I got Ayn Rand's Anthem for Christmas! I fell in love with this book. I read the whole thing in one night because I couldn't put it down. The dystopian genre is one of the coolest I know. It took me a long time, but I read George Orwell's 1984 which is similar because it is also dystopian (I own three copies of this book, and they were all gifts).
A great short story inspired by 1984 is Kurt Vonnegut's Harrison Bergeron. It's even shorter than Anthem, so if you liked Anthem at all, you should definitely try Harrison Bergeron.
Here is a link to the full text, which is really short, so you have no excuse not to read it:Harrison Bergeron
An author once told me that we read for one of two reasons: we either read outward, or we read inward.
Stories about science fiction or fantasy and whatnot usually make us read outward by bringing our minds to wild, imaginative, complex, and fake places. These would be stories like Star Wars or The Lord of the Rings.
Other stories have us read inward to contemplate ourselves as moral human beings with feelings, how we interact with other people or with society, or why we exist at all.
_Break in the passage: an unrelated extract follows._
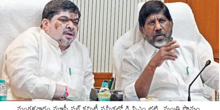
మంగళవారం మూసీ సబ్ కమిటీ సమీక్షలో డి.సిఎం భట్టి, మంత్రి పొన్నం

ప్రభాతవార్త ప్రధాన ప్రతినిధి, హైదరాబాద్, మార్చి 31: మూసీ పునర్నివసం పనులు ప్రజాస్వామ్య పద్ధతిలో కొనసాగుతాయని డిప్యూటీ సీఎం, మూసీ క్యాబినెట్ సబ్ కమిటీ చైర్మన్ భట్టి విక్రమార్కు మల్లు అన్నారు. మంగళవారం ధాక్షిణ్య బి.ఆర్ అంబేద్కర్ నవీనాలయంలో మంత్రి, మూసీ క్యాబినెట్ సబ్ కమిటీ సభ్యుల పాస్టం ప్రభాకర్ తో కలిసి మూసీ పునర్నివసం పనుల ప్రగతిపై సవివరంగా అధికారులతో చర్చించారు. మార్చి 31 నుంచి ఏప్రిల్ 15 వరకు ఆన్ లైన్ లో మూసీ అప్లైడ్ మెయిల్ ఐడి ద్వారా మూసీ పునర్నివసంపై ప్రజల అభిప్రాయాలు స్వీకరిస్తామని తెలిపారు. ఆన్ లైన్ లో వచ్చిన విలువైన సలహాలు, సూచనలను అన్నింటినీ అధికారులతో కూర్చోని విశ్లేషణ చేసి అభిప్రాయాలు వెల్లడించిన వారితో నేరుగా దళవారంగా సబ్ కమిటీ సభ్యులు సంప్రదింపులు చేస్తారని డిప్యూటీ సీఎం తెలిపారు. మూసీ నది ఒడ్డున ఓంకారేశ్వర ఆలయం పనులకు మార్చి 28 న శంకుస్థాపన జరిగింది. ఆ రోజు నుంచి మూసీ ఫేస్ 1, ఫేస్ 2 వరకు చేయూర్చిన పనులకు సంబంధించిన రోడ్ మ్యాప్ ను సిద్ధం చేసుకోవాలని డిప్యూటీ సీఎం అధికారులను ఆదేశించారు. డి.పా.స్ బహుములు, మూసీపునరావాలి తులతో సంప్ర

Stories like this include Carson McCullers' The Member of the Wedding or James Joyce's The Dead.
To be fair, some stories accomplish both inward and outward reading, such as M.T. Anderson's Feed. Feed is based in the future where flying cars and space travel are common occurrences, but these exciting innovations are not the focus of the story. Technology's tightening grasp on humanity and how it affects our lives for better or for worse drive the story. This book will change your life.
Sometimes I really like to read outward, and sometimes inward. The great thing about English is that both of these are found in any kind of literature: novel, poem, comic, song, short story, play, and so on.